Anyway, two days after the border attack, It seems that Israel Okayed the deployment of a few battalions from Egypt’s second army and air forces units into the deeper/and closer-to-Israel territories of the Sinai Peninsula, designated as area B & C, which according to the 1979 Camp David accords only allowed the stationing of some units of police forces and lately border guard units with light arms.
According to eye witnesses the Egyptian military is waging one of its biggest operations in Sinai since the October war with Israel 1973. Having combed most of the tribal areas in northern Sinai, the military has so far gunned down 20 Salafi Jihadists who engaged in violence acts against military checkpoints.
Throughout the long 30 years of his reign, deposed President Mubarak, through his close collaboration/collusion with Israel, saw to it that Sinai was utterly neglected and excluded from any developmental plans.
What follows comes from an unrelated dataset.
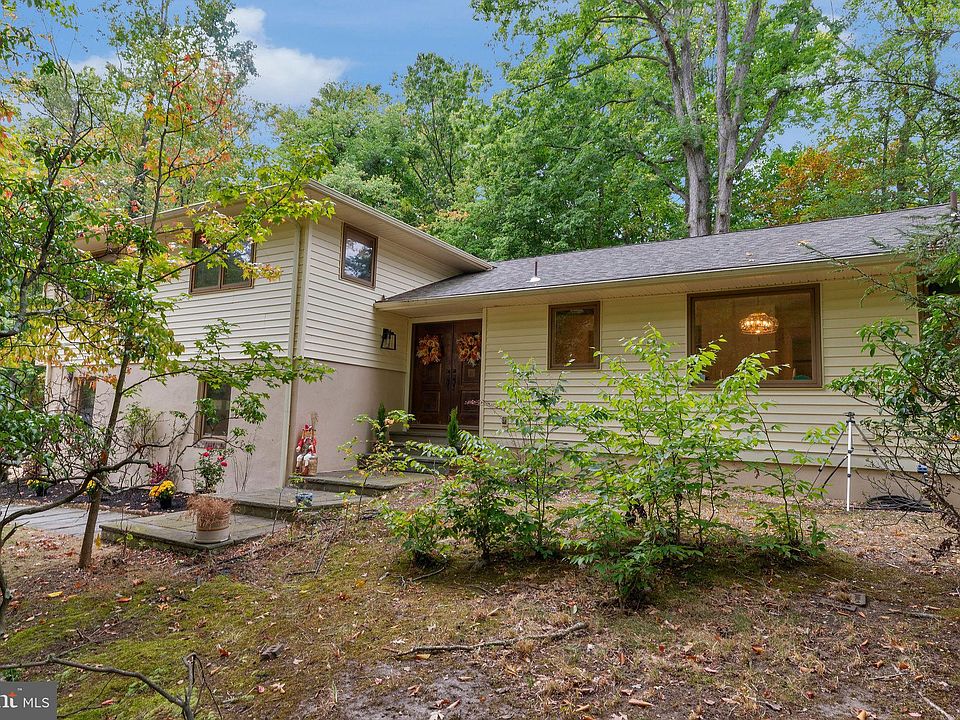 Set within a wooded area, this three-bedroom home offers a perfect balance of modern amenities and timeless charm. The spacious layout effortlessly combines formal and casual living spaces, creating a home that's both functional and inviting. The living room’s wood-burning fireplace provides cozy ambiance, perfect for relaxing or hosting gatherings during cooler months, while large windows flood the space with natural light and offer serene views of the backyard. The dining room is highlighted by a crystal chandelier and large picture window that frames the outdoor scenery. French doors in both the living and dining rooms enhance the seamless indoor-outdoor flow, allowing easy access to the slate patio for alfresco dining or simply enjoying the tranquil surroundings. The adjacent kitchen is fully equipped with Kitchen-Aid and GE appliances, and features an eat-in breakfast area with large picture window, providing the perfect spot to enjoy meals while basking in natural light. A built-in writing desk/work station is conveniently tucked into the kitchen, providing space for managing household tasks or working from home. The expansive family room, complete with built-in bookshelves, luxury vinyl plank flooring, and sliding glass doors that access the backyard make this space perfect for both relaxation and entertaining. Upstairs, off the large landing, three bedrooms are all generously sized and feature hardwood floors. The primary bedroom is a true retreat, with its substantial size and three closets, including one walk-in. The recently upgraded en-suite bathroom features gold fixtures and marble tiles, creating a spa-like atmosphere. The full hall bathroom has also been upgraded, offering modern finishes and plenty of space for family and guests alike. The large unfinished basement provides ample room for storage and the potential to be finished into additional living space. Within walking distance to local businesses and schools, along with its blend of updates and classic features, 31 Cooper Run Drive is a true sanctuary. The surrounding natural environment, with its foliage and wildlife, provides a peaceful and private setting, while the home's thoughtful design makes it an ideal retreat for modern living. Located close to Cherry Hill East High School, Beck Middle School, houses of worship, Fox Hollow Swim Club, and the popular shops and dining in Cherry Hill, Marlton, and Voorhees.

And I’m afraid if the current Muslim Brotherhood (MB) government kept up this policy and continued to view Sinai as merely a buffer zone between Egypt and Israel, then it won’t be long before Egypt will lose the peninsula to Israel once again.
Regardless of how the brainwashed Jihadists view it, This terrorist operation only benefits Israel. And in fact, some Egyptian analysts have strong doubts as to the role of Israel in this terrorist operation and how it had been anticipated by the Israeli intelligence only two days before.
What are the chances for two armed vehicles haphazardly storming the Israeli borders of surviving the attack, let alone achieve anything. Were the assailants not aware that they would be spotted on the Israelis’ radar the moment they crossed the line and stepped into the Israeli side of the borders? … Or were they assured otherwise?
Also, the way the Israeli forces had destroyed /scorched the armed vehicles eliminating any hope for the Egyptian side to identify or find a clue to help track down the suspects, added to more doubts about the Israeli involvement.